A year later, he restarted the company with new backing, buying back his catalogue and name; a move that would prove decisive for the future.

By the end of the decade, his credentials as a publisher of liberal books intact, he published not only for a wide audience, but landed the most important political books of the time.

Opposition leader Frederik van Zyl Slabbert, liberal stalwart Helen Suzman and many more joined his stable.

He also bought Ad Donker, adding not only a splendid list, but coming full circle from where he started.

In 1992, Ball sold the business to Naspers. With complete editorial and broad executive control, he could, for the first time, exercise his residual ambitions. After acquiring HarperCollins, who were divesting, he ran one of the biggest trade publishers in the country.

The celebrated transition in South Africa changed little in his publishing.

Ball soon found the flaws in the new political establishment and published with the same vigour, sticking to his principles.

Former ANC MP Andrew Feinstein's After the Party, which focuses on the Arms Deal as an example of how the ANC's internal decline began.

He would go on to publish the definitive political books of the time, ranging from Mark Gevisser's biography of Thabo Mbeki, A Dream Deferred, to the shattering exposé on Jacob Zuma, Zuma Exposed, by journalist Adriaan Basson.

He launched Jonny Steinberg, and published every one of his books, securing two Alan Paton awards along the way.

At times exercising his volcanic, albeit short-lived, rage, but more often an entertaining humour, Ball lunched and dined celebrated authors, celebrities and staff with equal enthusiasm.

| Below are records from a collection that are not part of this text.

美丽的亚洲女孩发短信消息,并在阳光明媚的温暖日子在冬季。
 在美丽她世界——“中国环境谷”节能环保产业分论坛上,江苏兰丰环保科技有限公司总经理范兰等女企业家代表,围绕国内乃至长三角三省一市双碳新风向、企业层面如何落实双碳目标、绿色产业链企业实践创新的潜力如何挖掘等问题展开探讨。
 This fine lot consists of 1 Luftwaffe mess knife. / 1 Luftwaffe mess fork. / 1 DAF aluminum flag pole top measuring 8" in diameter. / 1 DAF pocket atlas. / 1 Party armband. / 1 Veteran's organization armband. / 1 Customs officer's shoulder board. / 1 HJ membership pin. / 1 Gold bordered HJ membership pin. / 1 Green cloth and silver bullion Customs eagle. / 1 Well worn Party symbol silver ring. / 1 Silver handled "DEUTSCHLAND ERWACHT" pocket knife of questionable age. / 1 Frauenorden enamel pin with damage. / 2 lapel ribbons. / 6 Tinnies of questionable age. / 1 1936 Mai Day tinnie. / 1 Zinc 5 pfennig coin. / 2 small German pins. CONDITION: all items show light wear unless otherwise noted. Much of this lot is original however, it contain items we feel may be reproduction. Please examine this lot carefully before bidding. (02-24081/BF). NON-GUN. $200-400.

Quick-witted and fiercely well-read, he would present any table with a smorgasbord of topics that very often – but not always – involved an obscure aspect of his ever-wider reading.

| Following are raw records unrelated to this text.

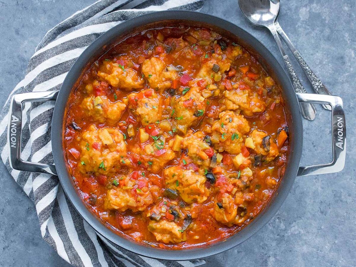 I was making my chicken and dumplings one day when, hovering over the pot, I realized that it would also be amazing as a vegetable soup. Cooked in an umami-leveled-up broth, the homemade vegan dumplings add so much character and flavor to this Vegetable Dumpling Soup.
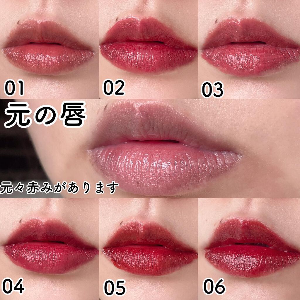 どのカラーも可愛すぎて選べなかった〜😂✨ 01 ただのベージュかと思いきやほんのり赤みがあって暗くなりすぎない 02 少し青みある?落ち着いたコーラルで誰でも使えそう! 03 青みピンクベージュはモテカラーやなぁ 04 落ち着いたモーヴは色っぽリップにオススメ 05 オレンジブラウンは夏に使えば超オシャレやん!赤みも感じられて万能説! 06 大人っぽいメイクがしたいならコレ!グラデに仕込めば一年通して良い女 どのカラーも有能すぎて争奪戦凄そう✨✨ 見つけたらラッキーですよ♡
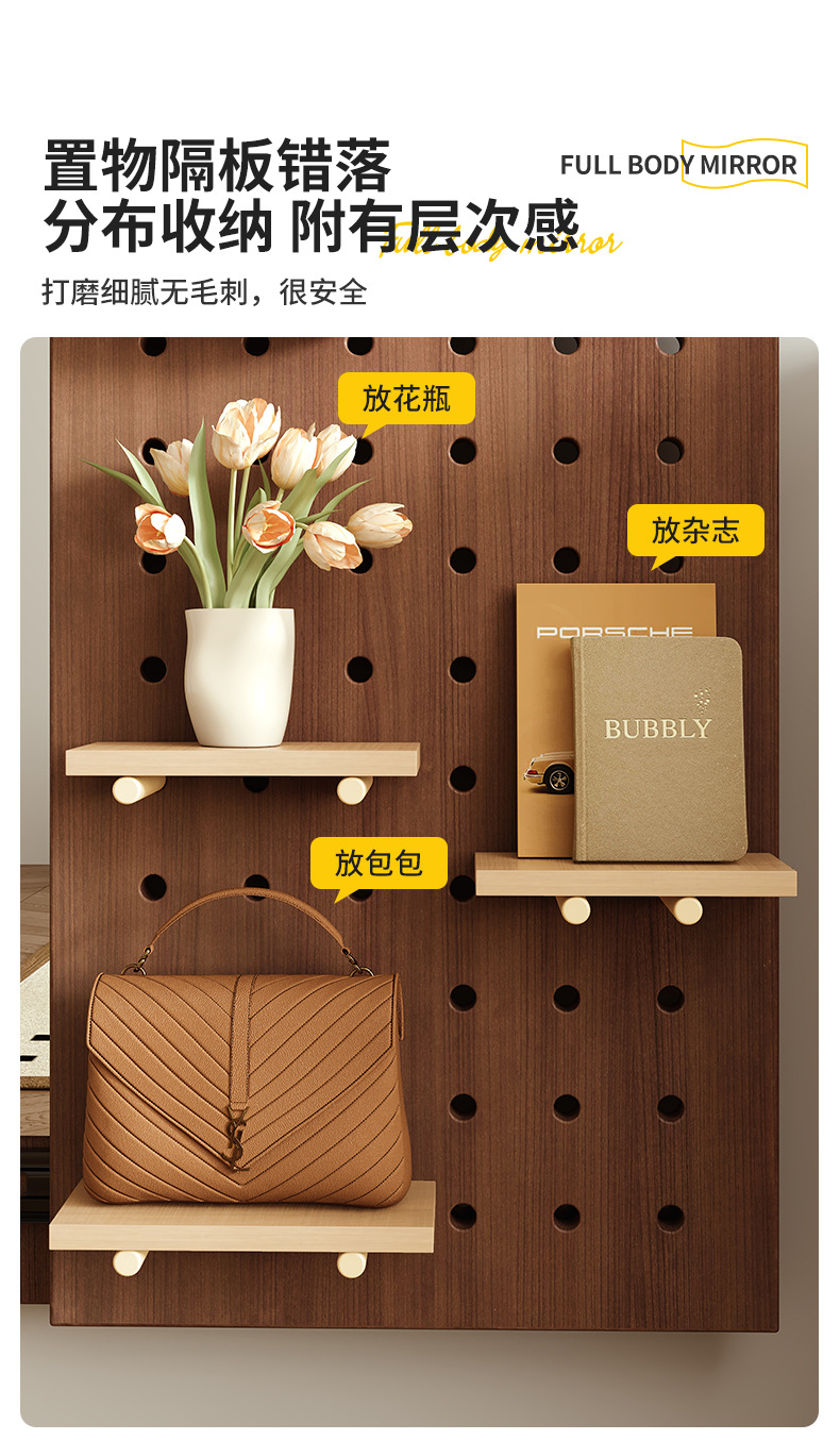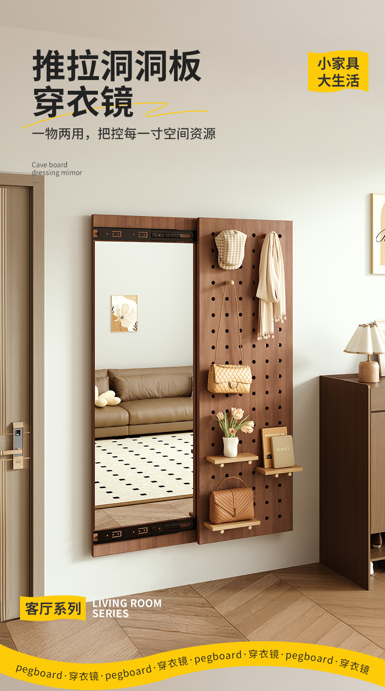 단단한 나무 구멍 보드 침투 거울 숨겨진 전신 거울 푸시-잡아 가구 밀착 벽 복도 피팅 거울
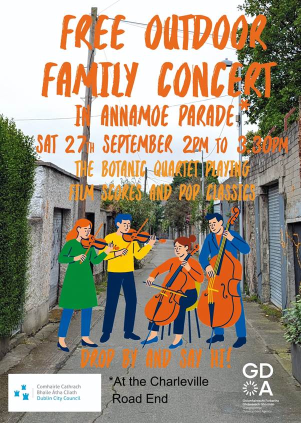 Next Saturday, Saturday the 27th of September, there will be a free outdoor family concert from 2 – 3.30pm to celebrate the space. All welcome.

Ball despised social media and found sound bites offensive. He required of you to engage in argument, to state your case, and defend your ground.

When he formally retired in 2015, after 45 years in publishing, he had not only defined political publishing in the country, but had created the leading publisher and book distributor in South Africa.

And, after barely one month's holiday, he continued on as a publisher-at-large, an office he held to the end.

His wife, Pam, died in 2018, leaving an unfillable void in his life.

Ultimately, Ball found enjoyment only in the things he had done for his entire life, and he continued doing it.

He is survived by his stepchildren, Belinda, Jamie and Jono, and two grandchildren.